Huntington, Ind.—Younger evangelicals might decide the U.S. presidential election in November depending on how effectively they organize through their own new media to support state and national candidates.
So say the editors of the first comprehensive study of new evangelical media in North America. Fifty contributors, including Dr. Kevin Miller, associate professor of communication at Huntington University, examined everything from evangelical blogging and podcasting to drama, computer gaming, public relations, advertising, radio and TV broadcasting, movies, books, periodicals, theme parks, comic books, music, merchandizing and more.
Miller says in the book that American and British evangelicals sometimes use different standards to evaluate media. Americans criticize “graphic sexuality” whereas their U.K. counterparts emphasize “graphic violence.” Speaking for many younger evangelicals, Miller explains that evangelicals can “endorse cinematic depictions of violence and sex” that are “cast in the full context of their consequences.”
Miller also says that evangelicals ought to consider the value of the kind of technologically restrained living practiced by Anabaptists, including the Amish. He says that “MP3-toting evangelicals” need to figure out how to leverage “YouTube, social networking sites and the next new information technology to foster Christian community.”
The just-released book, “Understanding Evangelical Media: The Changing Face of Christian Communication” (InterVarsity, 2008, 347 pp.) is edited by Quentin J. Schultze and Robert H. Woods, Jr., professors of communication at Calvin College and Spring Arbor Universities, respectively.

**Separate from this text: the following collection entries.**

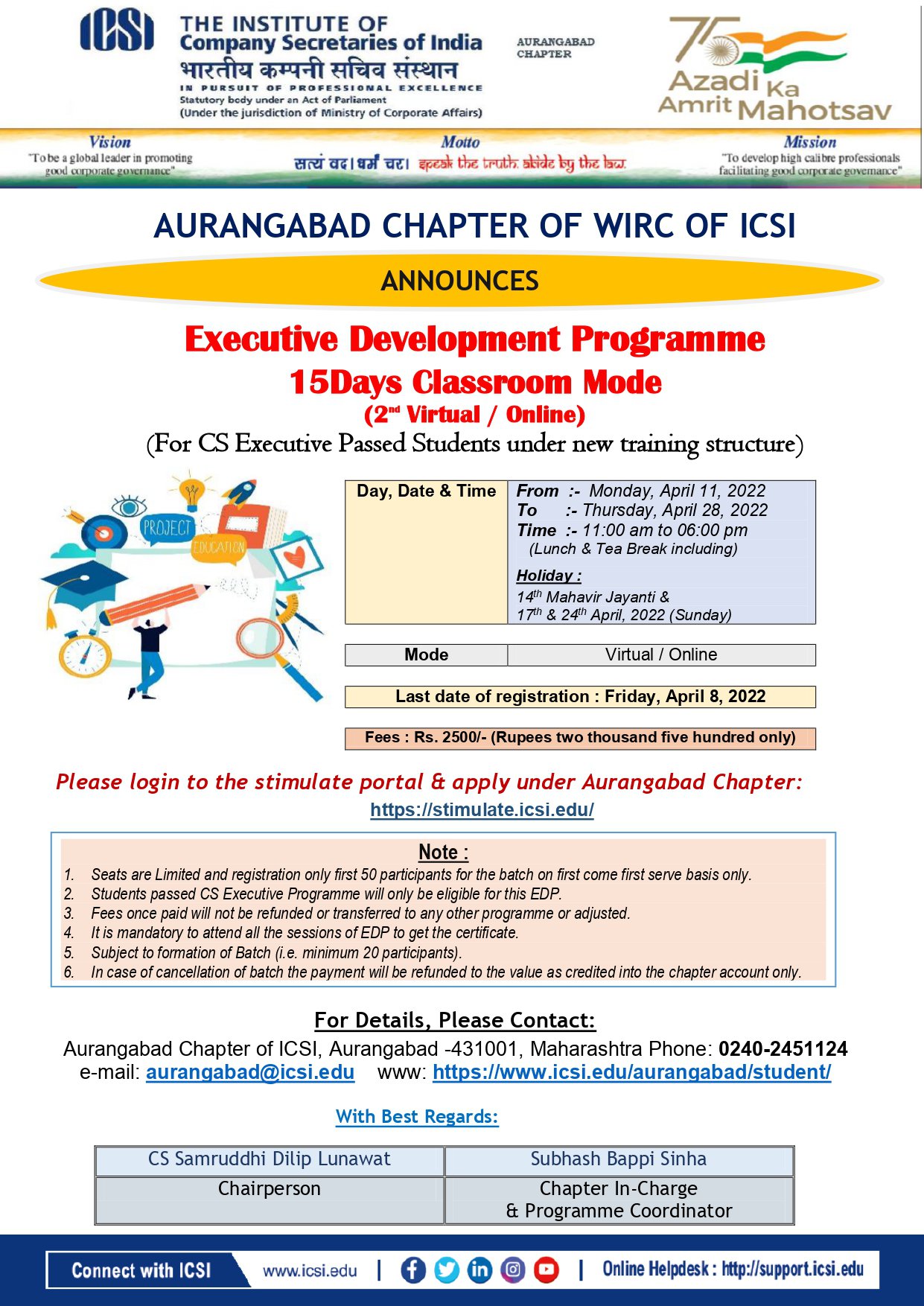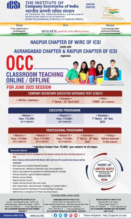 Aurangabad Chapter of WIRC of ICSI announces Oral Coaching Classes jointly with Nagpur and Raipur Chapter for CSEET, Executive and Professional Programme Students through Online mode for June 2022 session.
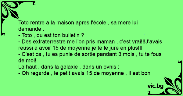 - Des extraterrestre me l'on pris maman , c'est vrai!!!J'avais réussi a avoir 15 de moyenne je te le jure en plus!!!
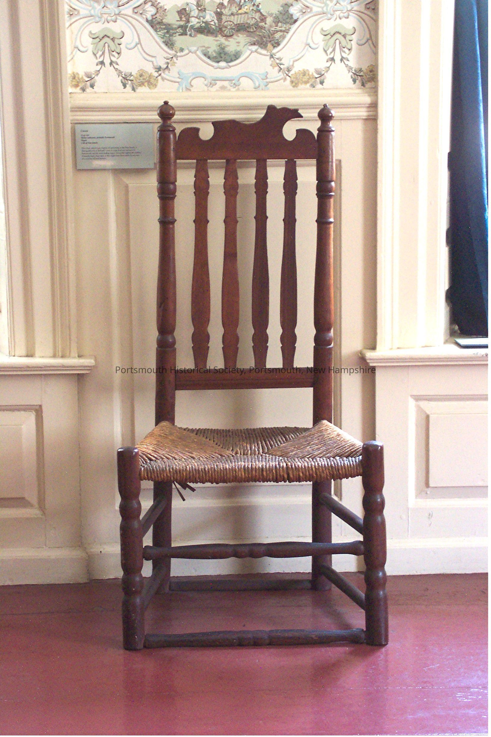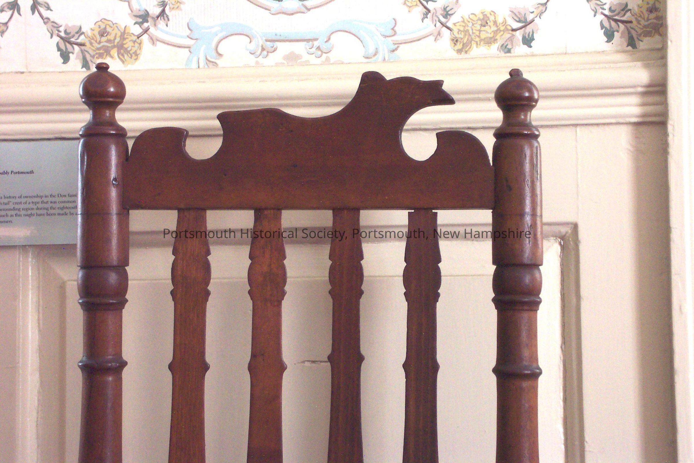 "This chair, which has a history of ownership with the Dow family, is distinguished by a "fish tail" crest type that is common to Portsmouth surrounding region during the eighteenth century. A banister-back chair such as this might have been made by any one of local turners.

“Younger evangelicals have flooded to new media, creating their own, nearly invisible social networks,” says Schultze, also the executive director of the Gainey Institute for Faith and Communication at Calvin. “Reporters are mistakenly focusing on traditional, high-profile Christian TV and radio programs, overlooking millions of younger evangelicals who are not so quickly predisposed toward particular political stands.”
Schultze adds, “These Gen-Xers, Yers, and Millennials are not interested in traditional evangelical broadcasting and are forging new media networks under the radar of news media. They’re downloading audio files of engaging sermons from distant churches, reading edgy books published by unconventional Christian authors, writing blogs that criticize as well as support existing Christian leaders, posting spiritually satirical YouTube videos, and getting together for social-oriented theological discussions over a latte or a microbrew.”
Woods says that the political vibrancy of young evangelicals reflects their social consciences and flows from young evangelicals’ belief that worship is the stage for comprehensive social action, not just for voting and party politics. “Younger evangelicals’ blogs tell the story,” he says.
The book’s editors and authors have created a Web site that is monitoring the spectrum of new and old evangelical media. The site, www.understandingevangelicalmedia.com/, is “using the only medium available for tracking new developments on the fly,” says Calvin College’s Schultze. He adds, “It’s going to be an interesting fall as younger evangelicals organize online to influence not just the November elections but the ways that future evangelicals think about what it means to be faithfully engaged in society.”